The three commissioners who attended Tuesday's meeting also agreed that an ordinance concerning the licensing of professional wrestling matches should be repealed.

City Manager Paul Kramer said a charter ordinance concerning commissioners holding other government offices dates back to 1969.

He said the City Commission at the time chartered out of a state law that prohibited commissioners from holding other government offices for a period of two years after leaving the commission.

Kramer said commissioners at the time passed their own charter ordinance limiting the prohibition against holding other offices to only a one-year period.

Kramer said the state law eventually was repealed, but the city's charter ordinance remains in place.

“We would just like to follow the state's lead,” he said.

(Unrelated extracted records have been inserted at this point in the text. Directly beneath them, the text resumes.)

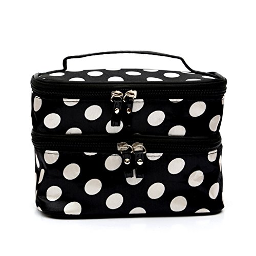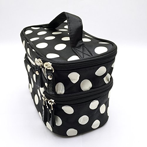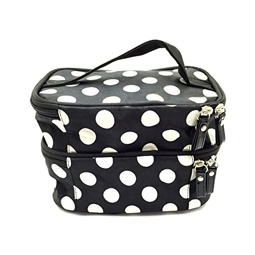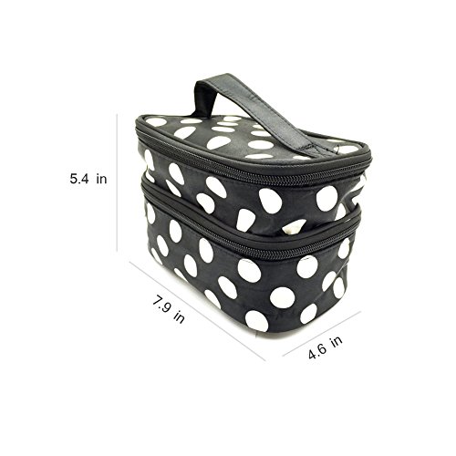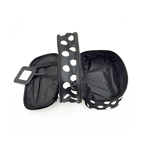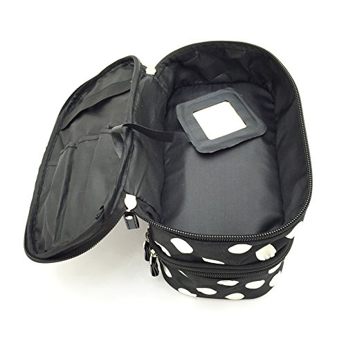 Jialeey Cosmetic Bag Double Layer Round Dot Travel Makeup Organizer Case Holder With Mirror Black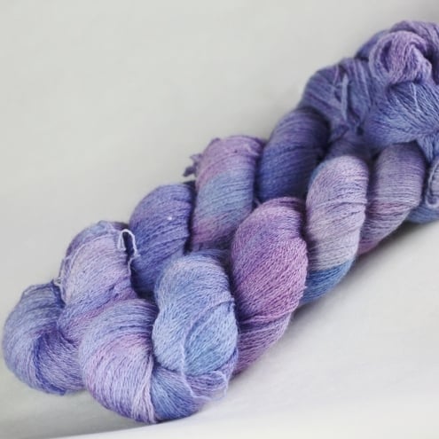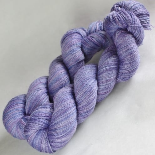 Sedate and soothing, slightly variegated lavenders ranging from lavender pink through lilac and lavender blue. This lustrous, lofty and slightly fuzzy yarn should make beautiful lace projects. It has been reskeined as shown in the first two photographs but is shown before reskeining in the third photograph, for reference only. There is one skein left.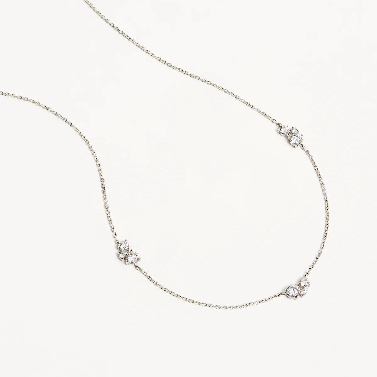 The Whispers of Love Choker features a classic trio design with an asymmetrical twist with varying sizes of round-cut crystals. This piece is a visual poem to the simplicity of love - and all the quiet magic it holds. It’s classic and delicate design is the perfect subtle touch of sparkle for the bride looking to shine in her own light. Designed to be worn shortened and close to the neckline.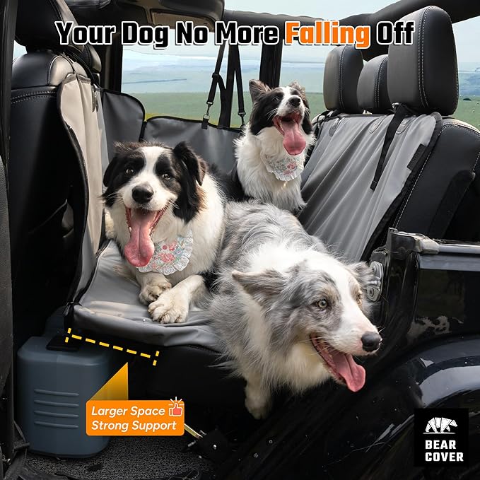 - 【Back seat into car bed】We have not only increased the hard board support but also upgraded and optimized the back seat cover for dogs.We’ve strengthened the back seat extender,reinforced the dog car seat cover in areas prone to wire breakage and peeling,and increased the dog car seat cover for back seat’s durability and weight capacity by 40%.BearCover Dog Hammock gives your large dog a spacious and stable travel experience.For more details,watch the video on the details page.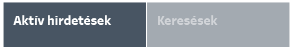 A felület tetején két nagy szürke téglalapot látsz, ezek a modulok. Ezekre kattintva választhatod ki, hogy aktív hirdetésekre, vagy ingatlankeresésekre vonatkozó adatokat szeretnél látni. (Amelyiket kiválasztottad és aktív, az a sötétebbik szürke fehér betűkkel, a másik halványszürke, szürke betűkkel).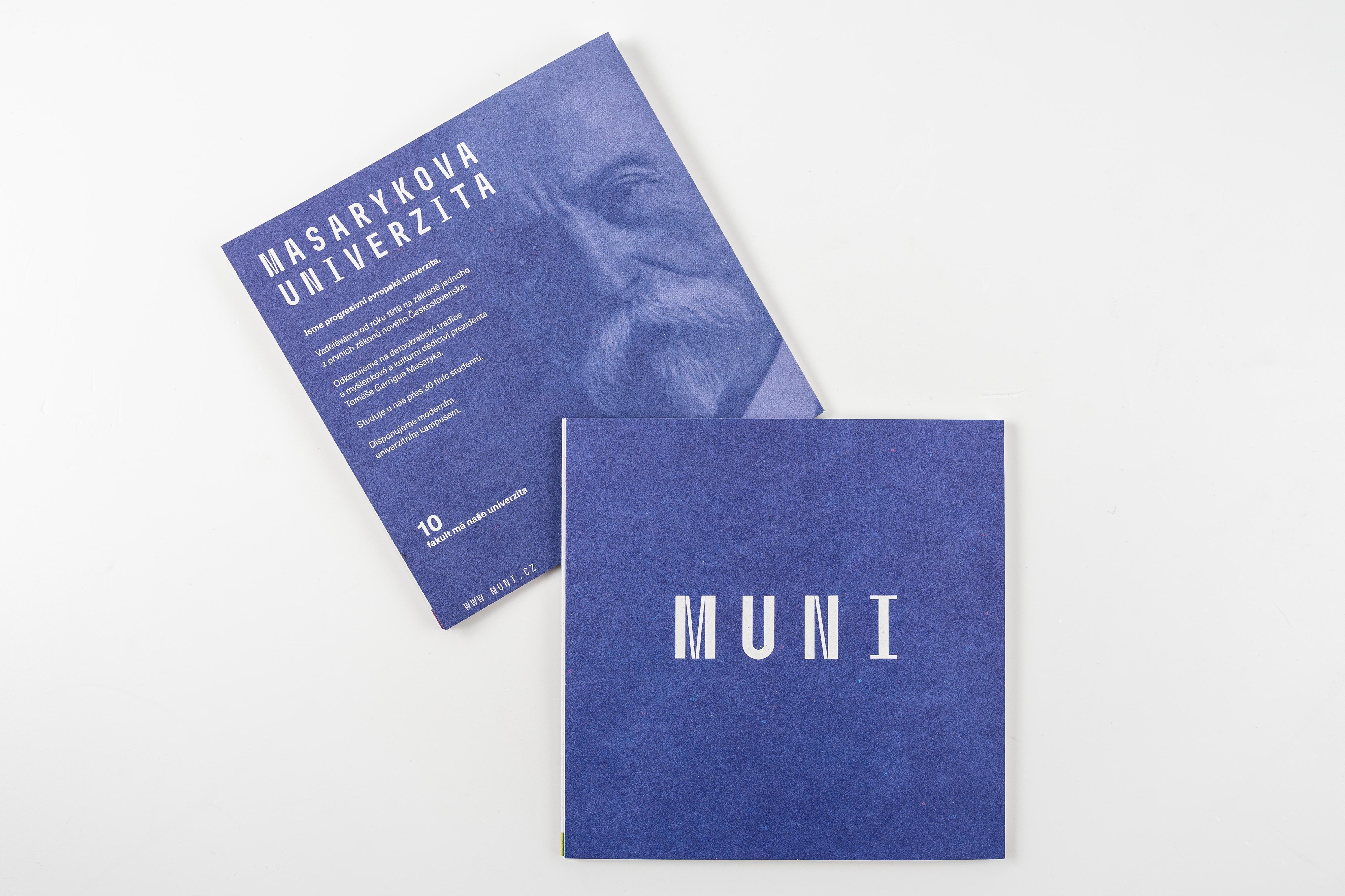 A folding leaflet made of hard paper, which offers a brief introduction to the faculties of Masaryk University.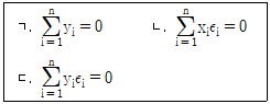 단순회귀모형 Yi=α+βXi+ei(i=1,2,…,n)에서 잔차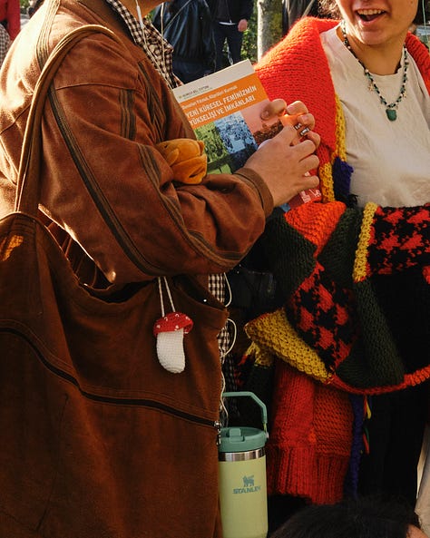 Ben, görev bilinciyle etkinlik alanına planlanan saatten yaklaşık bir saat önce gittim. Açıkçası, sosyal medyada başlayan ironik bir “meme”in bu denli büyük bir karşılık bulmasını hiç beklemiyordum. Ama saat yaklaştıkça yanılmaya başladığımı fark ettim. Tote bag’leri omuzlarında, Stanley termoslarını kemerlerine asmış, oversize gömlekli ve ellerinde kitaplarını tutan gençleri gördüğümde, bu durumun sadece bir şaka olmadığını anladım.

Kramer said there have been past cases of sitting city commissioners running for other political offices. Had the commissioners been elected to the other offices, they would have been in violation of the city's charter ordinance.

But Kramer said the charter ordinance is unenforceable. He said the City Commission cannot prevent another elected body from allowing a former commissioner to take office.

Kramer said city officials reviewed the ordinance concerning professional wrestling matches after they recently were approached by a promoter wanting to schedule a mixed martial arts event in Leavenworth.

The city does not have an ordinance that specifically addresses mixed martial arts, so the event fell under a 1983 ordinance concerning licensing for professional wrestling matches.

Kramer said the ordinance no longer seems timely. He said the Kansas Department of Commerce's Athletic Commission oversees boxing, kickboxing, mixed martial arts and wrestling events in Kansas.

Kramer said the state's boxing commissioner is unaware of any other city in Kansas that regulates these events.

If the ordinance is repealed, the state would still govern such events in Leavenworth. Kramer said city staff would become involved if a request is made to rent a city facility, such as the Riverfront Community Center, for such an event.

Commissioner Nancy Bauder said repealing the ordinance made sense.

“I think that's the best way to go,” Commissioner Mike Griswold said.

Mayor Pro-Tem Jermaine Wilson said he agreed with the option of repealing the ordinance.

Kramer said the issue will come back to commissioners for formal action.